It is a 2D sparse matrix where columns are user Ids and movie Ids, and rows are data items in the training/test data set.
One row represents 1 training/test data that has 2 ones (1s) that mark the user Id and movie Id that he/she rated.   

Label vector Y is a 1D vector containing expected output. It looks like this below (without rows' labels):

|<pre></pre>|<pre></pre>|
| :--- | :---:|
|**data0**| 1 |
|**data1**| 1 |
|**data2**| 0 |
|**data3**| 1 |
|<pre>...</pre>|<pre></pre>|


If user's rating for that movie is 4 or 5, then value is 1, otherwise 0. Each element corresponds to one data.


In [None]:
def loadDataset(filename, lines, columns):

    # Features are one-hot encoded in a sparse matrix
    X = lil_matrix((lines, columns)).astype('float32')
    # Labels are stored in a vector
    Y = []
    line=0
    with open(filename,'r') as f:
        samples=csv.reader(f,delimiter='\t')
        for userId,movieId,rating,timestamp in samples:
            X[line,int(userId)-1] = 1
            X[line,int(nbUsers)+int(movieId)-1] = 1
            if int(rating) >= 4:
                Y.append(1)
            else:
                Y.append(0)
            line=line+1
            
    Y=np.array(Y).astype('float32')
    
    return X,Y

***Now that we have defined the loadDataset method, lets load both training and test data***

In [None]:
X_train, Y_train = loadDataset('./ml-100k/ua.base', nbRatingsTrain, nbFeatures)
X_test, Y_test = loadDataset('./ml-100k/ua.test',nbRatingsTest,nbFeatures)

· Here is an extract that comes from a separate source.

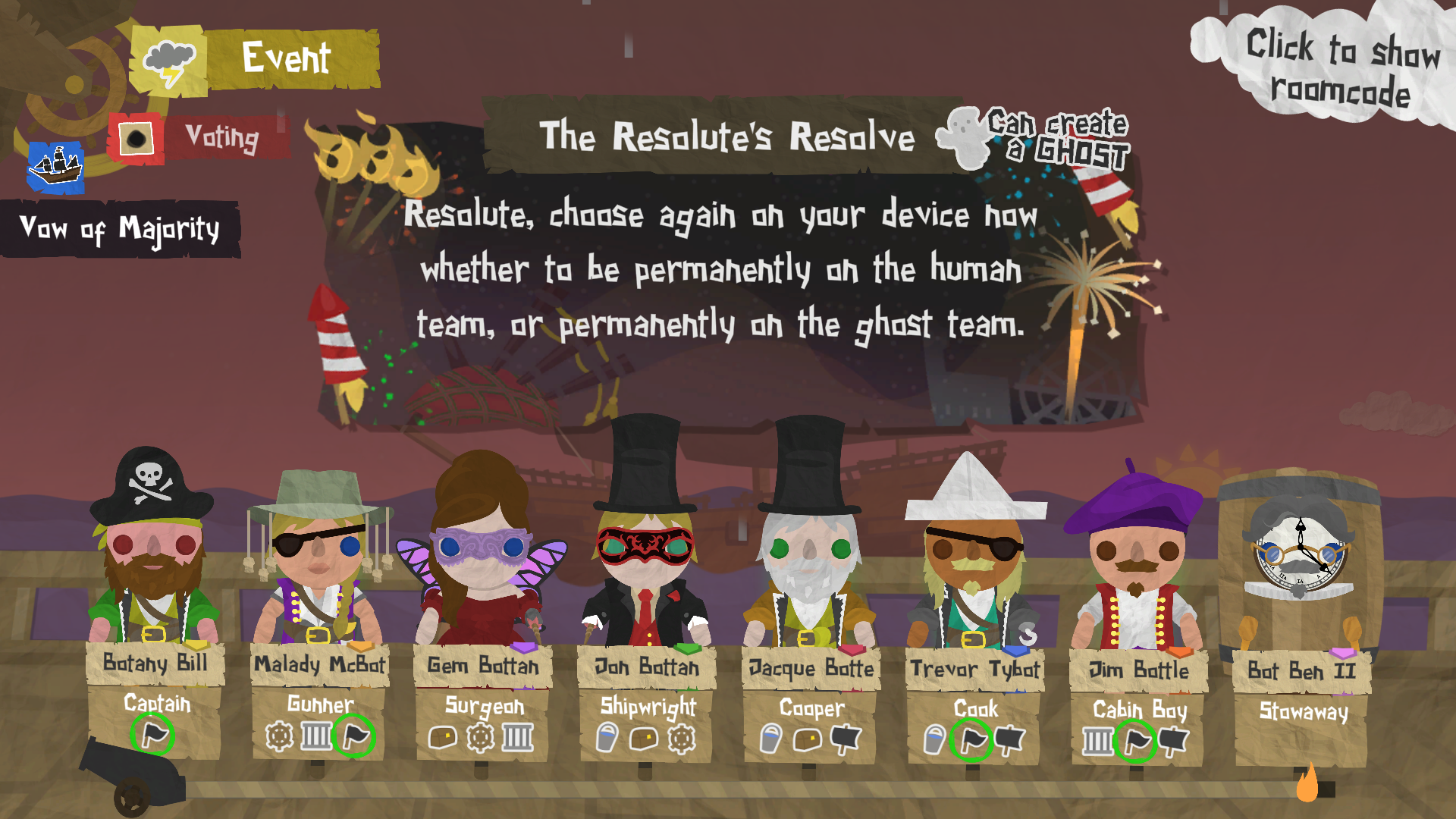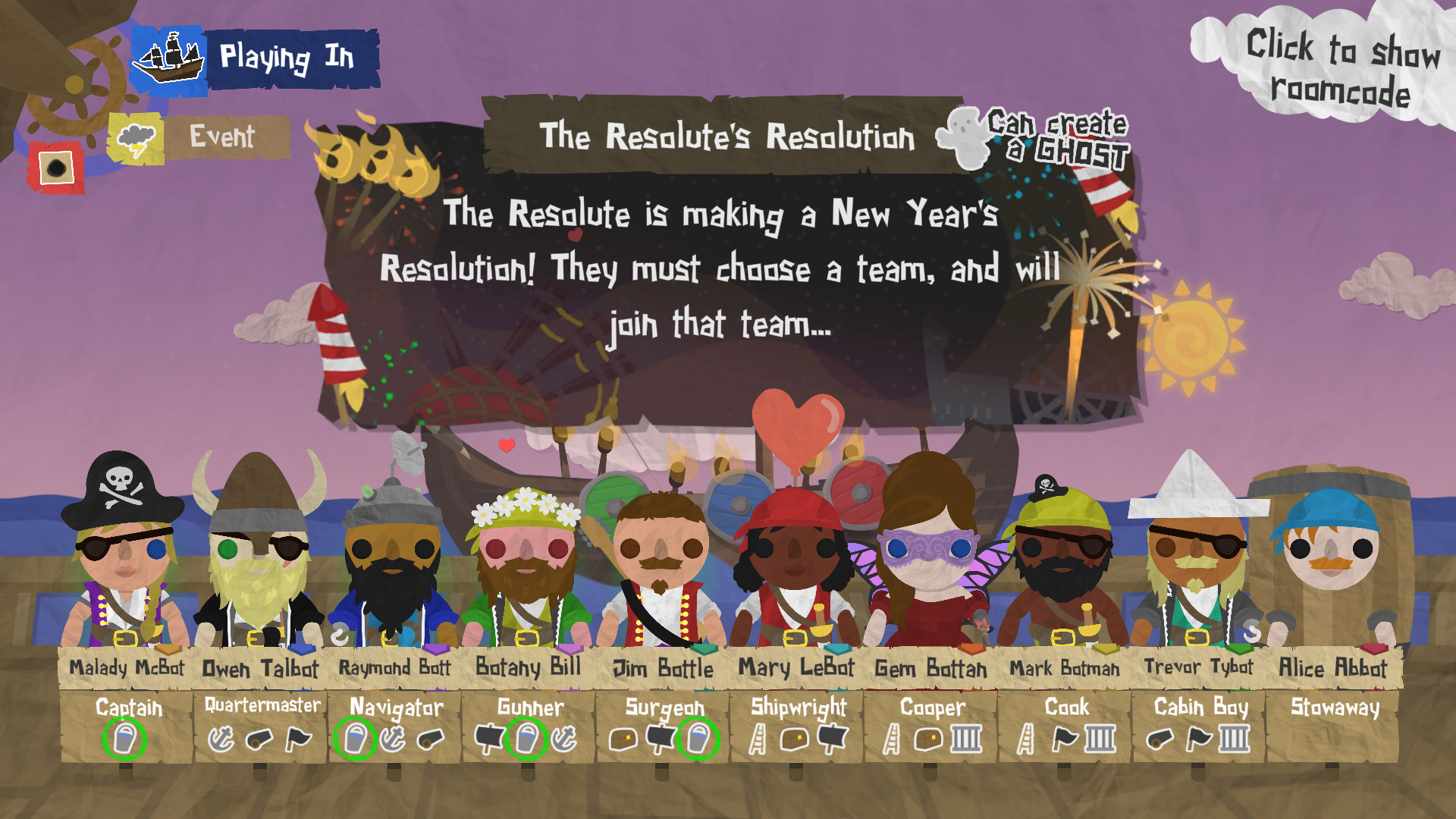 The Resolute must make a New Year's Resolution during the first day of the voyage. Their resolution asks them to pledge their allegiance to either the human or the ghost team. Whichever team they pick, they will instantly join - and they won't be able to become a member of the opposite team for the entirety of the remainder of the voyage!

***Let's examine the dimensions of X and Y vectors***

In [None]:
print(X_train.shape)
print(Y_train.shape)
assert X_train.shape == (nbRatingsTrain, nbFeatures)
assert Y_train.shape == (nbRatingsTrain, )
zero_labels = np.count_nonzero(Y_train)
print("Training labels: %d zeros, %d ones" % (zero_labels, nbRatingsTrain-zero_labels))

print(X_test.shape)
print(Y_test.shape)
assert X_test.shape  == (nbRatingsTest, nbFeatures)
assert Y_test.shape  == (nbRatingsTest, )
zero_labels = np.count_nonzero(Y_test)
print("Test labels: %d zeros, %d ones" % (zero_labels, nbRatingsTest-zero_labels))

### Step SM5: Convert to protobuf and save to S3

In [None]:
train_key      = 'train.protobuf'
train_prefix   = '{}/{}'.format(prefix, 'train3')

test_key       = 'test.protobuf'
test_prefix    = '{}/{}'.format(prefix, 'test3')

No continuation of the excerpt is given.